Burr himself, earlier this month, requested an ethics review into his own conduct after it emerged that he dumped hundreds of thousands of dollars in stocks after a private briefing on the coronavirus threat.
“I relied solely on public news reports to guide my decision regarding the sale of stocks on February 13,” Burr said in a statement defending his actions. “Specifically, I closely followed CNBC’s daily health and science reporting out of its Asia bureaus at the time.”
He added: “Understanding the assumption many could make in hindsight, however, I spoke this morning with the chairman of the Senate Ethics Committee and asked him to open a complete review of the matter with full transparency.”
Burr used more than 30 transactions to dump between $628,000 and $1.72 million on Feb. 13, according to ProPublica.
Meanwhile, Senate Judiciary Committee Ranking Member Dianne Feinstein, D-Calif., and her husband reportedly sold between $1.5 million and $6 million in stock in California biotech company Allogene Therapeutics, between Jan. 31 and Feb. 18, The New York Times reported.
A spokesman for Feinstein, Tom Mentzer, denied any wrongdoing, saying that “all of Senator Feinstein’s assets are in a blind trust” and that “she has no involvement in her husband’s financial decisions.”
GOP Sen. Kelly Loeffler, and her husband, Jeffrey Sprecher, chairman of the New York Stock Exchange, sold stock on Jan. 24 — the same day she sat in on a briefing from two members of President Trump’s Coronavirus Task Force, according to a Daily Beast report.
Between that day and Feb. 14, the couple sold stock worth between $1.2 million and $3.1 million, the report said. In addition to the sales, they also purchased stock in a maker of software that helps people work at home – just before millions of Americans were forced to leave their offices because of the outbreak, the report said.
Loeffler, though, fired back, denying the allegations and saying they are “absolutely false.”
“If you actually look at the personal transaction reports that were filed, it notices at the bottom that I’m only informed of my transactions after they occur — several weeks,” Loeffler explained on Fox News’ “America’s Newsroom.”
“So, certainly, those transactions — at least on my behalf — were a mix of buys and sells. Very routine for my portfolio,” she continued.
Meanwhile, Sen.

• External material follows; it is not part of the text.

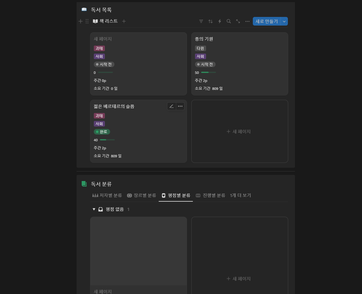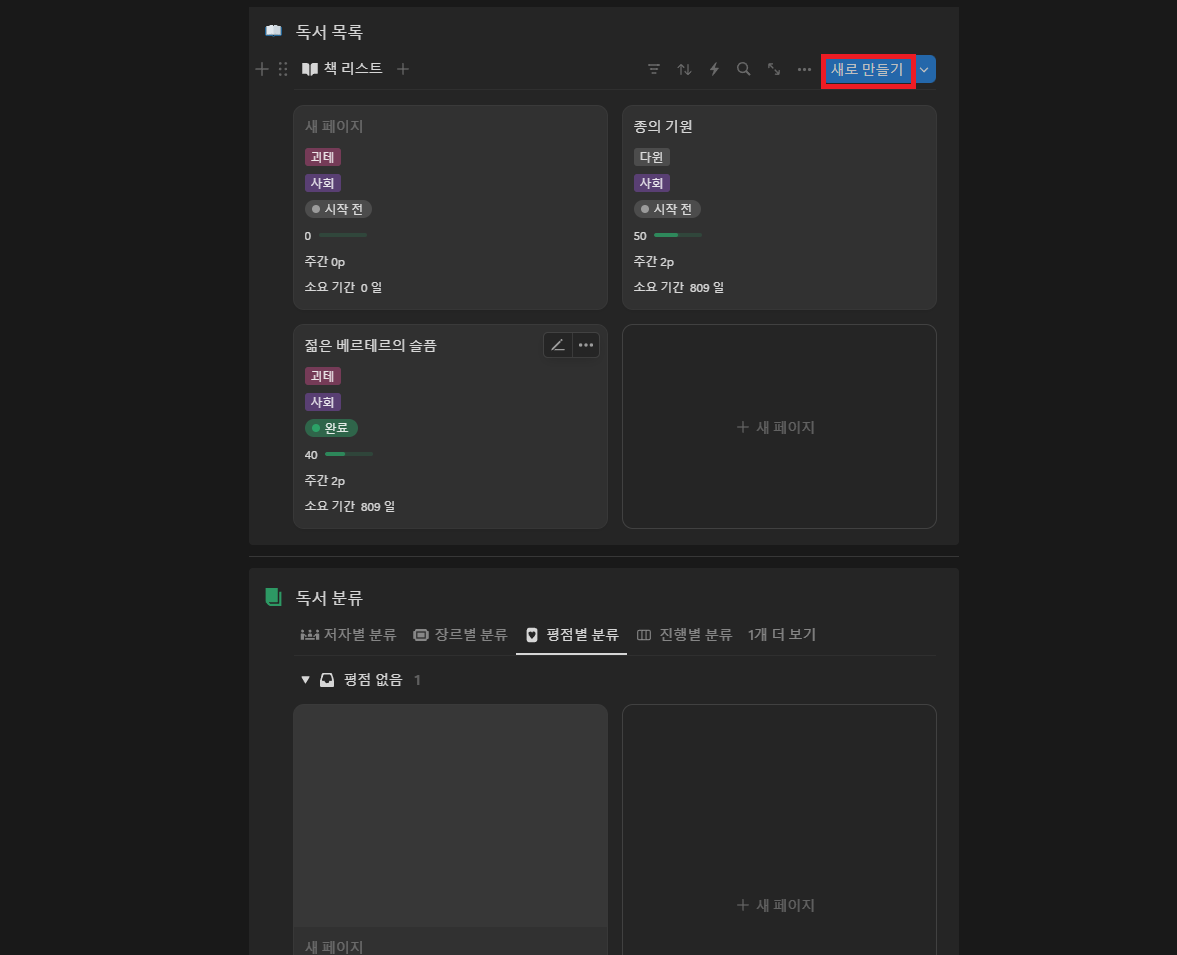 - [독서 목록] 블럭에서 [새로 만들기]를 클릭합니다.
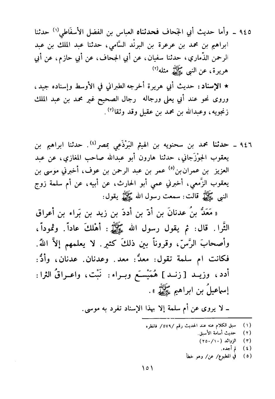 946 - حَدَّثَنَا مُحَمَّدُ بْنُ سَحْنَوَيْهِ بْنِ الْهَيْثَمِ الْبَرْذَعِيُّ، بِمِصْرَ , حَدَّثَنَا إِبْرَاهِيمُ بْنُ يَعْقُوبَ الْجُوزَجَانِيُّ، حَدَّثَنَا هَارُونُ أَبُو عَبْدِ اللَّهِ، صَاحِبُ الْمَغَازِي , عَنْ عَبْدِ الْعَزِيزِ بْنِ عِمْرَانَ، عَنْ عُمَرَ بْنِ عَبْدِ الرَّحْمَنِ بْنِ عَوْفٍ، أَخْبَرَنِي مُوسَى بْنُ يَعْقُوبَ الزَّمْعِيُّ، أَخْبَرَنِي عَمِّي أَبُو الْحَرِثِ، عَنْ أَبِيهِ، عَنْ أُمِّ سَلَمَةَ زَوْجِ النَّبِيِّ صَلَّى اللَّهُ عَلَيْهِ وَآلِهِ وَسَلَّمَ قَالَ: سَمِعْتُ رَسُولَ اللَّهِ صَلَّى اللَّهُ عَلَيْهِ وَآلِهِ وَسَلَّمَ يَقُولُ: «مَعْدُ بْنُ عَدْنَانَ بْنِ أَدِّ بْنِ أَدَدَ بْنِ زَيْدِ بْنِ بَرَاءِ بْنِ أَعْرَاقِ الثَّرَا» قَالَ: ثُمَّ يَقُولُ رَسُولُ اللَّهِ صَلَّى اللَّهُ عَلَيْهِ وَآلِهِ وَسَلَّمَ: " §أَهْلَكَ عَادًا وَثَمُودَ وَأَصْحَابَ الرَّسِّ وَقُرُونًا بَيْنَ ذَلِكَ كَثِيرًا لَا يَعْلَمُهُمْ إِلَّا اللَّهُ , فَكَانَتْ أُمُّ سَلَمَةَ تَقُولُ: مَعْدُ مَعْدُ , وعَدْنَانُ عَدْنَانُ , وَأَدَدُ أَدَدُ , وزَيْدُ بْنُ هَمِيسَعَ، وَبَرَاءُ نَبْتٌ , وَأَعْرَاقُ الثَّرَى إِسْمَاعِيلُ بْنُ إِبْرَاهِيمَ صَلَّى اللَّهُ عَلَيْهِ وَآلِهِ وَسَلَّمَ لَا يُرْوَى عَنْ أُمِّ سَلَمَةَ إِلَّا بِهَذَا الْإِسْنَادِ تَفَرَّدَ بِهِ مُوسَى

James Inhofe, R-Okla., sold as much as $400,000 in stock all on Jan. 27, in companies such as PayPal, Apple and real estate company Brookfield Asset Management, The New York Times reported.
But Inhofe pushed back in a statement by saying he was not at a late January briefing and, further, does not have involvement in investment choices.
When asked whether an ethics investigation would take place, a source close to Senate Republican leadership directed Fox News to the Ethics Committee. The Senate Ethics Committee did not immediately respond to Fox News’ request for comment on whether the panel would initiate an investigation into the senators’ conduct.
But some Republicans have urged party leadership to remove Burr from his post in the meantime.
“How can @senatemajldr justify leaving someone as the Chairman of the Intelligence Committee….. who is being investigated by the FBI for criminally abusing their position for personal, financial gain?!?! #wheresmitch,” Rep. Matt Gaetz, R-Fla., tweeted Monday. “Republicans need to do a better job cleaning our own house.”
If allegations against the senators are true, that they used inside information to benefit their stock portfolios, they could have violated the Stop Trading on Congressional Knowledge Act, also known as the STOCK Act, passed in 2012, which makes it illegal for members of Congress to engage in insider trading.